Pu it over primer and you'll be fine.
I like Zinsser BIN, especially if you can get it in a spray can.

I have not heard anything good about the duplicolour clear coat, but I have not actually used it.
I topcoat with watco from home depot.

Nathan


----------



## knight_yyz (Mar 14, 2015)

I like krylon paint more. It goes on nice has a better nozzle, but it takes longer to cure.


----------



## Ayr Guitars (Oct 24, 2016)

knight_yyz said:


> I like krylon paint more. It goes on nice has a better nozzle, but it takes longer to cure.


The nozzle on Duplicolor rattle cans isn't very good at all. When I need to use the stuff, I remove it and replace with the nozzle from primer. Much less spatter this way. 

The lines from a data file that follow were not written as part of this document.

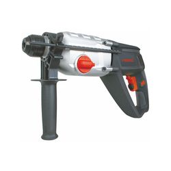 Anclaje SDS-Plus. Velocidad variable, tres funciones: taladro, taladro con percusión y cincelado con parada de giro, interruptor con bloqueo de seguridad. Empuñadura bimaterial. Maletín transporte con cierres metálicos, empuñadura auxiliar, tope profundidad, 3 brocas SDS-Plus, 2 cinceles SDS-Plus, 1 adaptador y portabrocas con llave. Recambio escobilla.
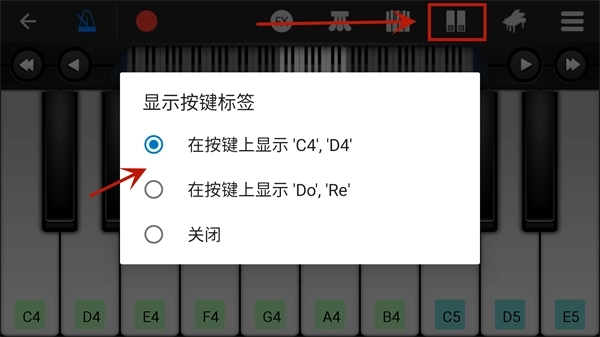 1、打开完美钢琴应用,进入弹奏界面后,找到右上方的第三个图标并点击,即可开启按键数字显示功能。
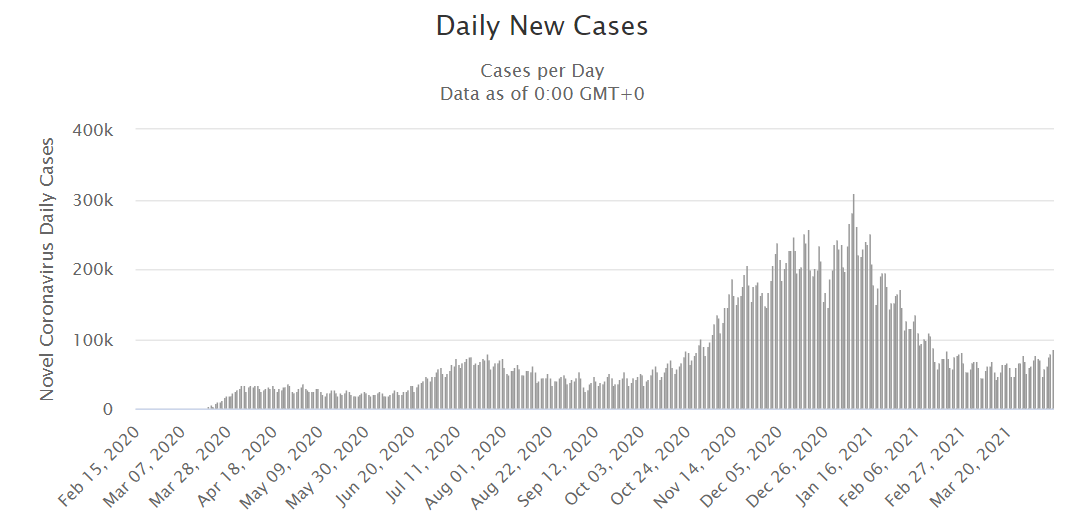 たとえば、米国の1日あたりの新規感染者数は8万5000人と、緩やかな上昇基調にあり第4波が懸念されています。
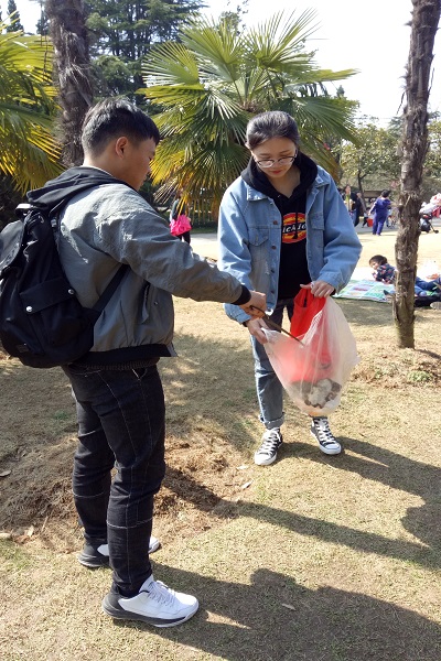 活动期间,该院学生会组织部分同学前往合肥市植物园开展环境保护志愿服务活动。志愿者们通过主动和园内部分工作人员交流,学习植树和各类植物保护的相关知识,并帮助环卫工人清扫园内垃圾,共同维护环境卫生。在校内,该院也组织了“植树节”相关的宣传教育活动,通过向广大同学发放植树主题宣传单页和环保知识问答的方式,扩大保护环境政策的宣传力度,以提高同学们保护生态环境的意识。
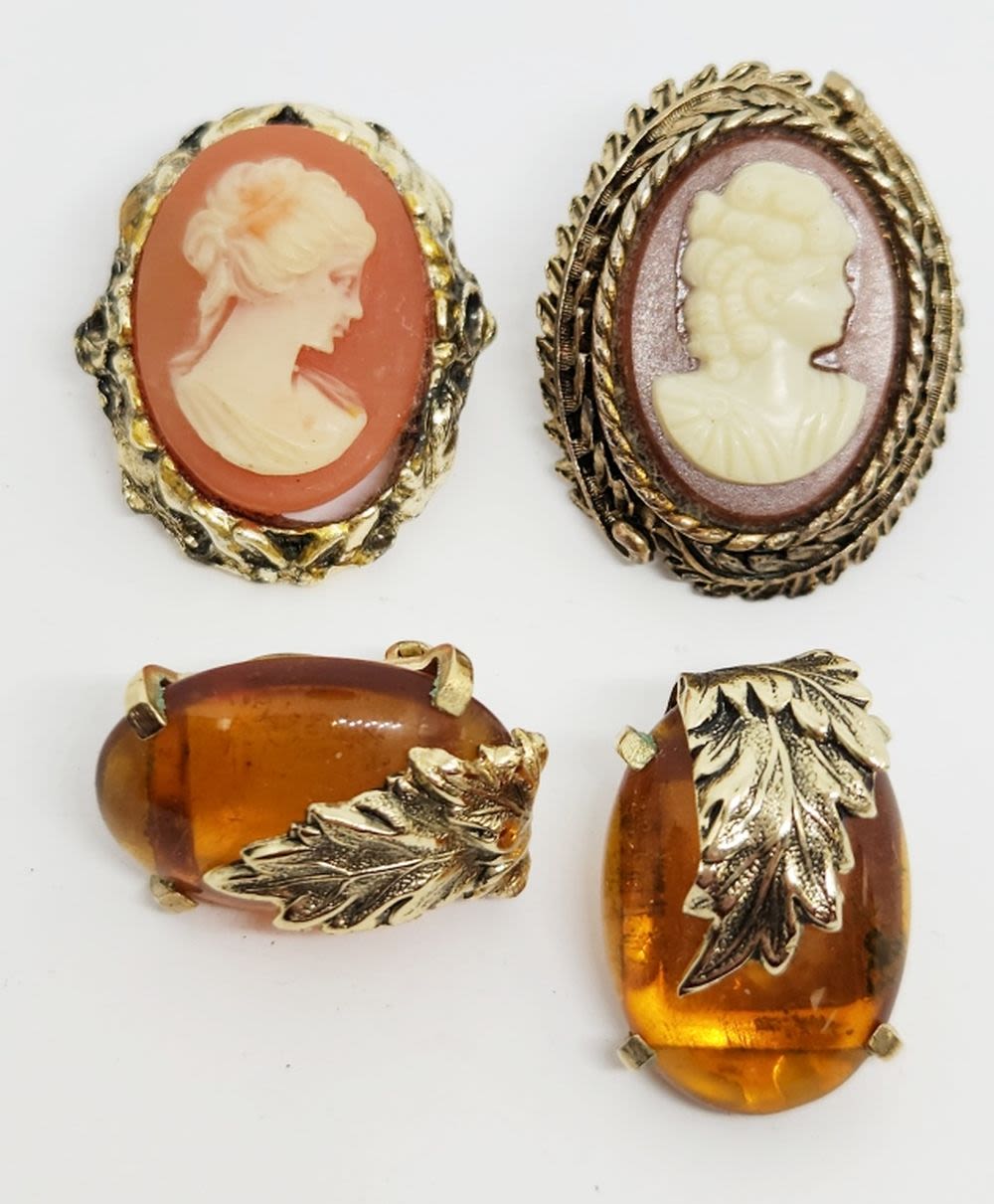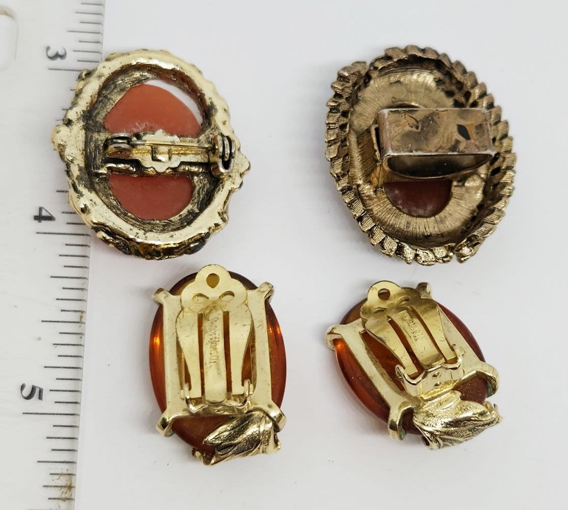 WHITING DAVIS SIGNED EARRINGS SET AND OTHER VINTAGE CAMEO CLIPS
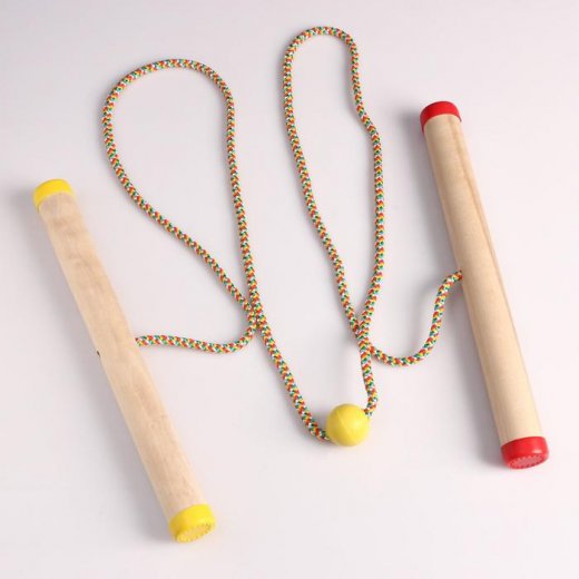 На концах веревочки привязаны 2 деревянных ручки-палочки, на середине веревочки закреплен деревянный шарик.
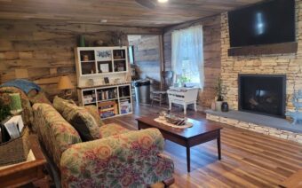Holly Hill Haven comfortably sleeps seven guests with three bedrooms and two full baths. Amenities include a washer and dryer, window unit air conditioners, all bedding and towels, WiFi, smart TV, an indoor fireplace, an outdoor firepit on the porch, and more. A picnic grove features a park grill, picnic table, and firepit situated on 4.8 acres.
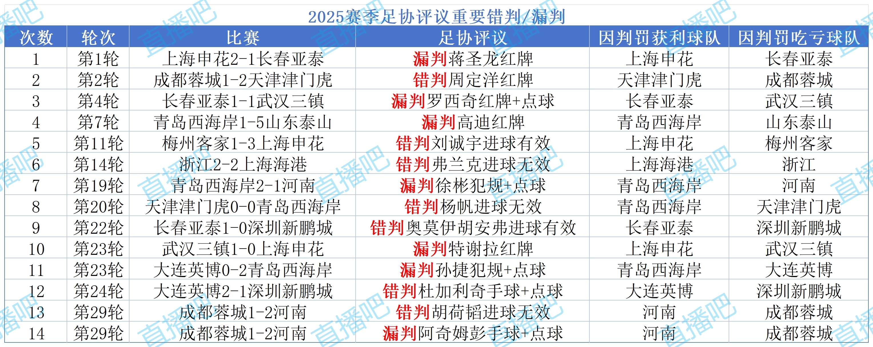 图:2025赛季足协评议重要错判/漏判汇总 根据本赛季中国足协发布的裁判评议,对于影响比赛走势的红牌、点球、进球错判/漏判,出现了14起。 因判罚获利的球队青岛西海岸居首(4次),因判罚吃亏的球队成都蓉城居首(3次)。 比较严重的错判漏判,出现在联赛第29轮成都蓉城1-2河南的比赛,这场比赛中成都蓉城遭遇2次错判/漏判, 中足联罚单
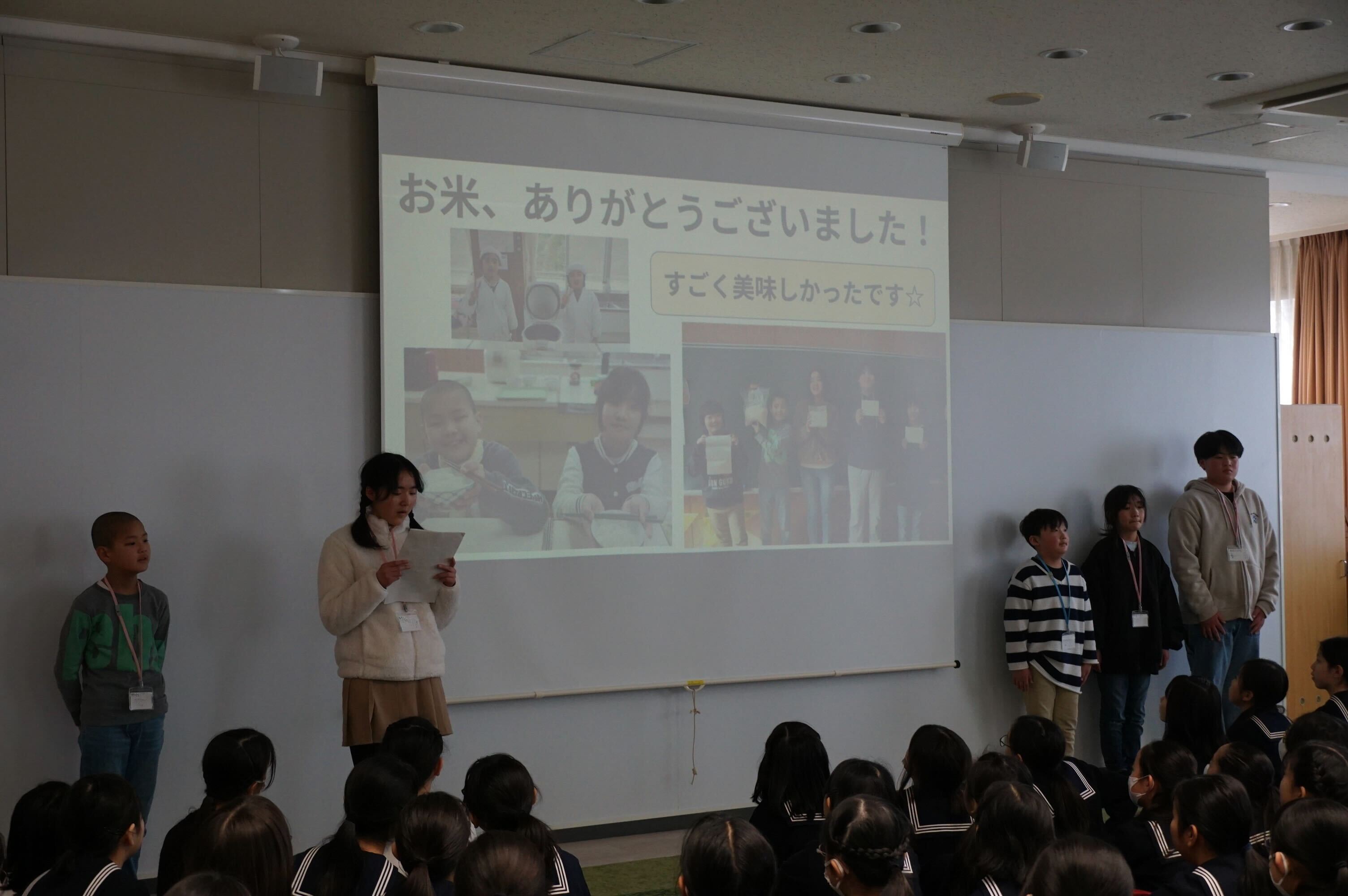 5年家庭科では、ここ数年、静岡市立梅ケ島小中学校とお米とお茶の交流を行ってきました。豊明小学校の5年生からは西生田で育てたお米を、梅ケ島小中学校からは全校児童生徒で育てたお茶を互いに送り合ってきました。

I use my spray equipment whenever I can, although for solid colour it doesn't always make sense to buy a whole can, nor go through the work of cleaning the gun especially if just for one body.


----------



## knight_yyz (Mar 14, 2015)

the krylon tip can be turned for two spray patterns which is really helpful as well.


----------



## Jamdog (Mar 9, 2016)

My strat is krylon painted. Not even a topcoat. I did use duplicolor primer under it because I had started the job when I chose the paint... 

So far no issues and I am happy with the results.


----------